His ambitions had brought him far, she had to grant him that. Was she to be the jewel in his ruthlessly acquired crown?

She avoided his eyes when she asked her last question: “What of your wedding vows?”

He paused. “What about them?”

“Do you intend to keep them?” Or do you plan to take lovers and risk exposing me to scandal and diseases?

He was silent until she reluctantly met his gaze. Surprisingly, he looked serious. “I always keep my vows, Miss Greenfield,” he said. “I’ll keep my vows to you.”
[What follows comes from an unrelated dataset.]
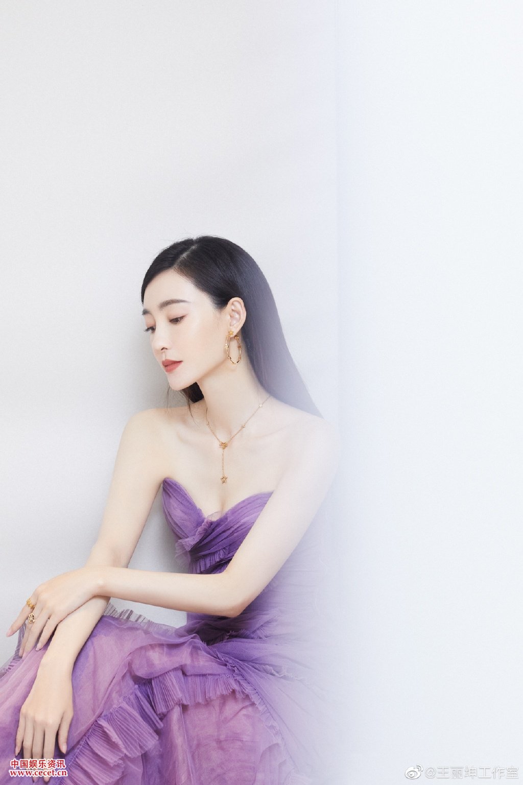 王麗坤時(shí)尚大片釋出 紗裙擺尾墜入紫色銀河

Regrettable. It left her with no acceptable reason to refuse him. She folded and unfolded her hands, her movements slow and shaky.

“I have conditions,” she muttered.

He tilted his head. “Then, let’s hear them.”

“I wish to finish my studies at Oxford.”

“That would be highly unusual.”

“So are the circumstances of our match.”

He considered it for what seemed an eternity. “All right,” he finally said. “But not five days a week, surely.”

She had expected this; he didn’t strike her as a man who contented himself with less than half. “Four days, then. It’s only eight weeks per term, after all.” She was prepared to go down to three days. Three days was what Annabelle had negotiated with Montgomery, and Blackstone could hardly be more demanding than a duke.